EDIT: by all reports the power consumption of next gen nVidia cards is totally bonkers, if AMD can pull out another 5870 out of the hat, I'd totally buy that instead.
-No. I was arguing this on the forums back in the day from the opposite perspective: The small die strategy really ****ed AMD long term. Retail users care about performance numbers on reviewer charts. FPS is king. Its why NV will go for the halo spot at the expense of absolutely everything else. Its why AMD has begin adopting this strategy as well.
For enthusiasts such as this forum the small die strat made sense because we tend to look at a few more dimensions of a product than the average retail user. As a business strategy, it was a huge misstep.
Let's count the ways the small die strategy ****ed AMD:
- It cemented AMD as the "value brand" in the GPU market. Never as fast or feature rich as NV, always cheaper.
- A race to the bottom in terms of revenue.
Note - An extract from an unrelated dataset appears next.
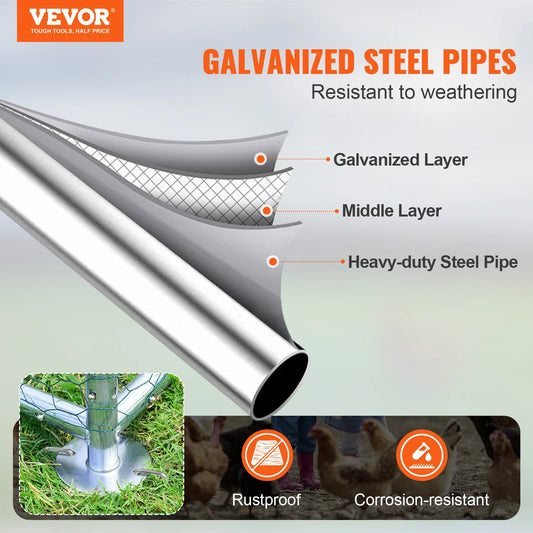 VEVOR Large Metal Chicken Coop, 9.8X12.9X6.5 Ft Walk in Chicken Run for Yard with Waterproof Cover, Doom Roof Hen House with Security Lock for Outdoor and Backyard, Farm, Duck Rabbit Cage Poultry Pen

AMD was so marketshare driven that they seemed to have forgotten that the need to actually make money to keep bankrolling their operation. You don't do that by going small and cheap, especially when you're competing against someone like NV.
- CUDA. By going small but never winning the performance crown or going feature rich, AMD allowed NV to solidify CUDA as the defacto GPGPU programming language during the small die era. This is a mistake that has butt****ed AMD to this very day.
AMD needs to go Halo. Dump whatever you need to into your top SKU to either get or convincingly contest the performance crown at the top. You can always pare back from the top, but you cannot add more to an inherently underdeveloped die to get the crown and win the hearts and minds of retail users.
Think of it like the hot/cold thing: I can always put on more clothes to warm up if its cold, but there are only so many clothes I can take off to cool down when its hot. You can always overdesign an arch then scale it back to hit power and die size targets, but there is only so much clockspeed you can throw at a small design before you hit the limits of physics.